### TASK:
Retype each line of the material below word for word; pictures stay out.

### DATA SEGMENT:
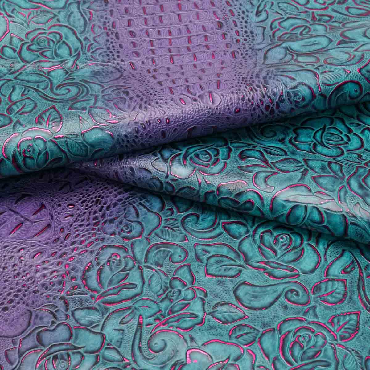 Get the best of both worlds with our Floral Croc Embossed Cow! Featuring the prized Hornback design, bordered by a large, bold floral print, in a repeating pattern (print runs length of side NOT width, neck to butt). Done in two-tone colors, with a magnificent tipping process that highlights every detail and illustrates depth. This fun and unique design is perfect for clutches and bags of all sorts, totes, belts, and other personal leather goods, as well as upholstery applications like seat and ottoman covers, and cabinet and table inlays.
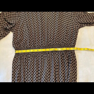 NWT black and brown print dress in size 8. Long sleeve, shirred elastic waist with button neck back closure. Approximate measurements are in photos. Viscose fabric is machine washable. Perfect condition from smoke free and pet free home.
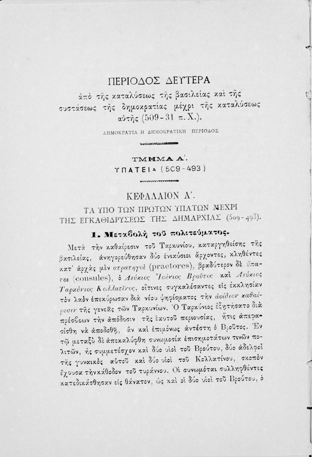 Τίτλος: Ιστορία των Ρωμαίων και ιστορία του βυζαντινού κράτους μέχρι του διχασμού του Ρωμαϊκού κράτους. Προς χρήσιν των μαθητών της Β΄ Τάξεως του Γυμνασίου και προς ιδιαιτέραν μελέτην

### SOLUTION TO THIS EXERCISE:
 Get the best of both worlds with our Floral Croc Embossed Cow! Featuring the prized Hornback design, bordered by a large, bold floral print, in a repeating pattern (print runs length of side NOT width, neck to butt). Done in two-tone colors, with a magnificent tipping process that highlights every detail and illustrates depth. This fun and unique design is perfect for clutches and bags of all sorts, totes, belts, and other personal leather goods, as well as upholstery applications like seat and ottoman covers, and cabinet and table inlays.
 NWT black and brown print dress in size 8. Long sleeve, shirred elastic waist with button neck back closure. Approximate measurements are in photos. Viscose fabric is machine washable. Perfect condition from smoke free and pet free home.
 Τίτλος: Ιστορία των Ρωμαίων και ιστορία του βυζαντινού κράτους μέχρι του διχασμού του Ρωμαϊκού κράτους. Προς χρήσιν των μαθητών της Β΄ Τάξεως του Γυμνασίου και προς ιδιαιτέραν μελέτην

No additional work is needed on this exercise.